Thursday, February 08, 2007

Nostradamus's clever clairvoyance

Nostradamus's clever 'clairvoyance': the power of ambiguous specificity; how did a French astrologer, dead for over 400 years, become a premier commentator on world events in 2001? The authors' research shows that Nostradamus's dark prophecies are ambiguous enough to "work" for events selected at random and even when they are scrambled.

Amidst the chaos and confusion after the September 11 terrorist attacks, anxious people flocked to the Internet for any information that would shed light on the horrific event and its implications. In the weeks after the attack, Google, the most widely used World Wide Web search engine, predictably reported sharp increases in searches for "Osama bin Laden" and "al Qaeda."

Yet Google also reported that in the two weeks following the attacks, searches for a sixteenth century astrologer surpassed those for bin Laden and his organization (Grossman 2001).
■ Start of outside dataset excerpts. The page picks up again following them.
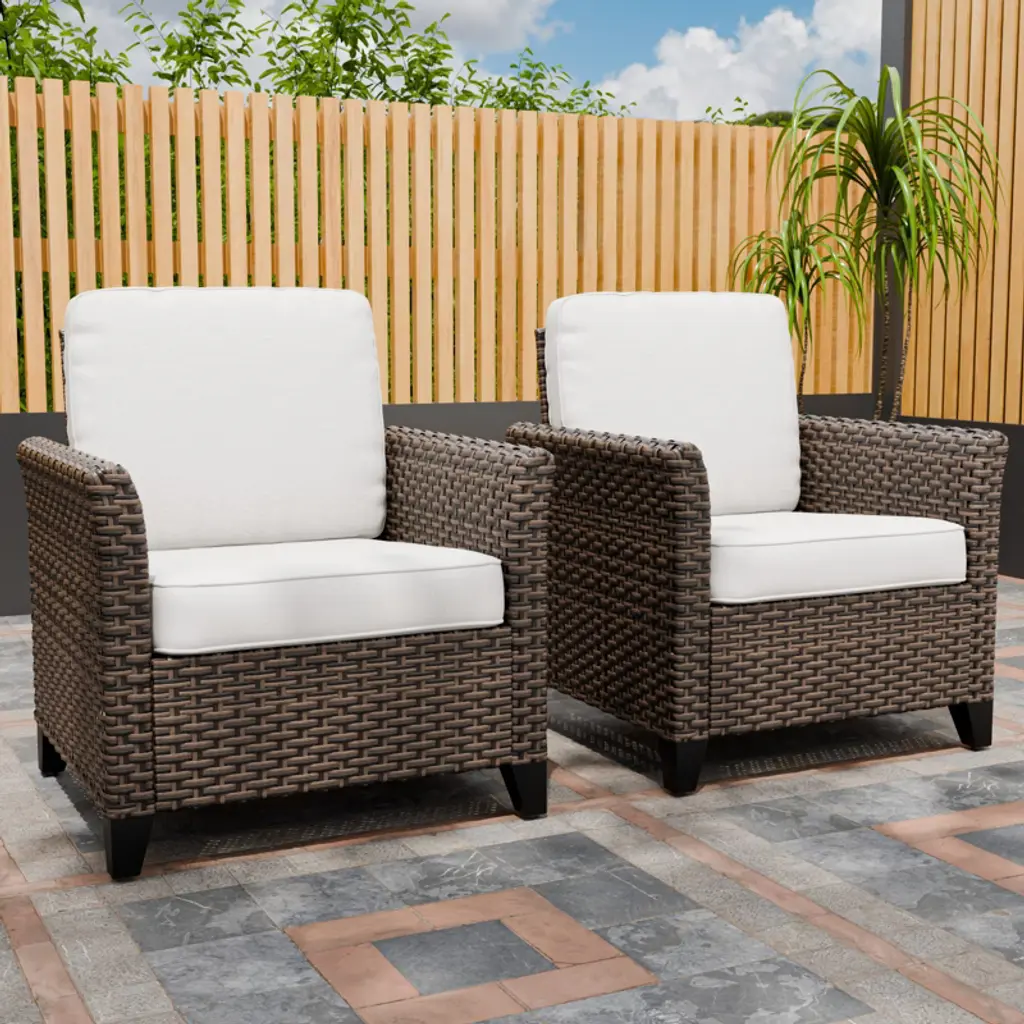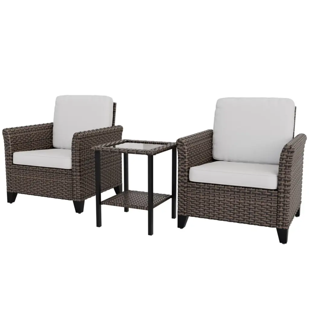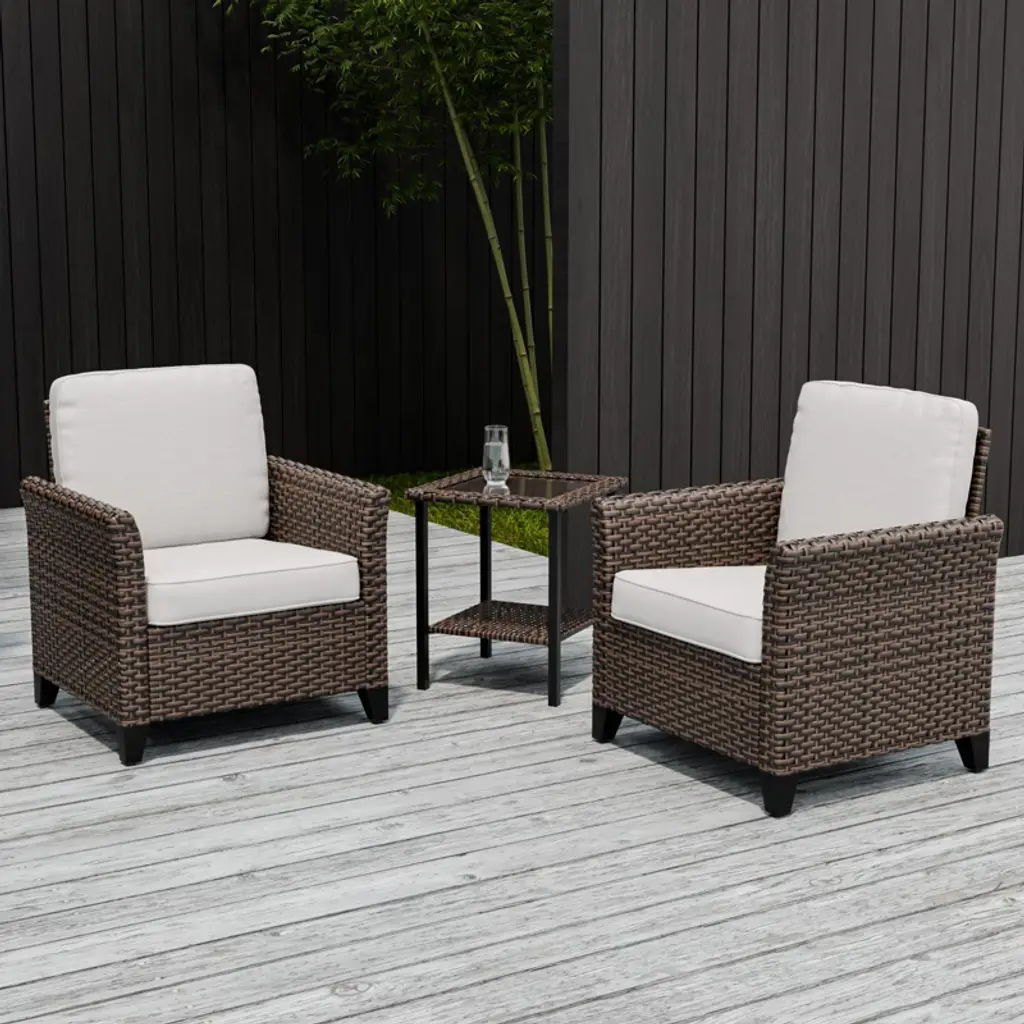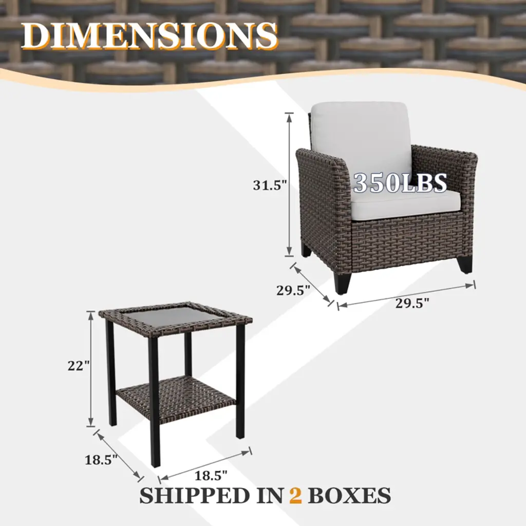 "Our patio wicker conversation set blends traditional style with modern elegance, enhancing your outdoor space. Rich brown tones match any decor, making it a great addition to your patio. Constructed with all-weather PE wicker and a powder-coated steel frame, the chairs are durable and low-maintenance. Ergonomic armrests and backrests provide comfort, while 4-inch cushions with removable zippers ensure convenience. Installation accessories and instructions are included. "
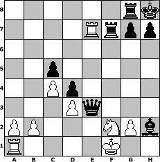 Partie-Notation im PGN-Format [Event "Grand Prix Angriff "] [Site "www.mySchach.de"] [Date "2016.11.29"] [Round "2"] [White "shan"] [Black "Knight"] [ECO "B21"] [WhitemyELO "1500"] [BlackmyELO "1245"] [Result "0-1"] [TimeControl "10/2592000"] [WhiteDays "120"] [BlackDays "090"] [MySchachNr "105892"] 1. e4 c5 2. f4 d6 3. Nf3 Nc6 4. c3 Nf6 5. Bb5 Nxe4 6. Bxc6+ bxc6 7. O-O Bg4 8. Qc2 d5 9. Ne5 Bd7 10. Nxd7 Qxd7 11. d3 Nf6 12. f5 e6 13. Re1 e5 14. c4 d4 15. Rxe5+ Be7 16. Qe2 Rb8 17. Rxc5 O-O 18. Re5 Bd6 19. Ra5 c5 20. Bg5 Qxf5 21. Bxf6 Qxf6 22. Rxa7 Rfe8 23. Qf2 Bxh2+ 24. Kf1 Qg5 25. Qxf7+ Kh8 26. Nd2 Rg8 27. Ne4 Qe3 28. Nf2 Rbf8 29. Re7 Rxf7 0-1 Stellungs-Notation im FEN-Format 6rk/4Rrpp/8/2p5/2Pp4/3Pq3/PP3NPb/R4K2 - - - 0 30 Geschlagene Figuren Weiss: Geschlagene Figuren Schwarz: Klicken Sie auf eine geschlagene Figur um den gewünschten Zug darzustellen!
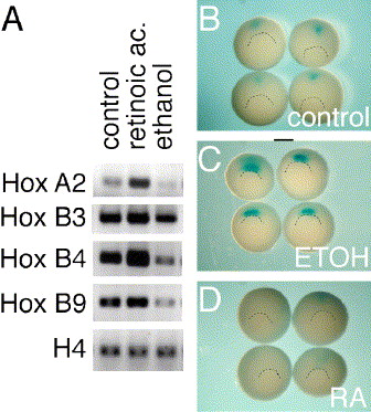 Fig. 4. Opposite effects of EtOH and RA on Hox and gsc expression. (A) Hox gene expression was studied at stage 13 by RT-PCR in embryos treated with EtOH (2.5%) or RA (1 μM). (BâD) In situ hybridization with the gsc-specific probe was used to corroborate the opposed effects of EtOH and RA. Changes in the expression pattern of gsc (st. 11) were determined in the control (B), EtOH-(C) and RA-treated (D) embryos. |
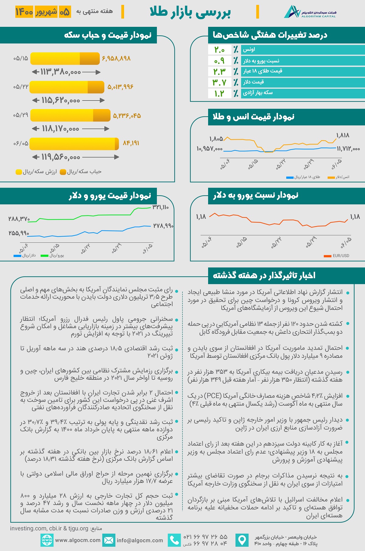 در هفته گذشته اونس جهانی با توجه به اظهارات پاول در جلسه فدال رزرو با افزایش 2 درصدی به رقم 1,818 دلار رسیده است. هر گرم طلای 18 عیار با افزایش 2.3 درصد به رقم 11,712,000 ریال و بهای هر قطعه سکه بهار آزادی با افزایش 3.7 درصدی قیمت دلار با افزایش 1.2 درصدی مواجه بوده و به رقم 119,560,000 ریال رسیده است. حباب سکه نیز از رقم 5,236,045 در هفته گذشته به رقم 84,191 ریال رسیده است.

In fact, "Nostradamus" became one of Google's top searches, surpassing even the perennial favorite topic of "sex"! (See figure 1 for converging results from the "Buzz Index" on Yahoo, another popular search engine.) How did a French astrologer, dead for over 400 years, become a premier commentator on world events in 2001?

Michel Nostradamus was a sixteenth-century French physicist and astrologer who gained fame in the Renaissance for Centuries, his ten-volume collection of 942 four-line poetic prophecies, which he published in 1555. These prophecies have been eagerly studied for centuries.

In the tumult after tragic events, people over the last 400 years may have turned to Nostradamus to understand their world, just as modern citizens did right after the September 11 attacks. If so, then Nostradamus doesn't really have to predict events before they occur, he just has to look as though he predicted them after they have already occurred, That in itself is a pretty clever accomplishment: How could Nostradamus do it?

After spending a year researching his work and running controlled experiments, we suggest a combination of two factors: ambiguously specific prophecies that focus on dark, foreboding events.

Ambiguously Specific Prophecies

Anyone who has visited a card reader or psychic knows that the lifeblood of the fortune-telling trade is vagueness (such as "You will face an important decision soon"). In part, Nostradamus's prophecies seem to match this vagueness test. He used a famously cryptic, poetic style, interspersing his original French with selected Hebrew, Latin, and Spanish words and phrases, to create an aura of vagueness around each prophecy. Hence, each prophecy is difficult to attribute to an exact event.

But is vagueness enough? Clearly, it is not vagueness that drew Internet searchers to the following Nostradamus prophecy in the days after September 11:

At forty-five degrees the sky will burn,
Fire to approach the great new city,
In an instant a great scattered flame will leap up,
When one will want to demand proof of the Normans.

On the contrary, it is the prophecy's unnerving similarities to the attacks; it seems written specifically for our time.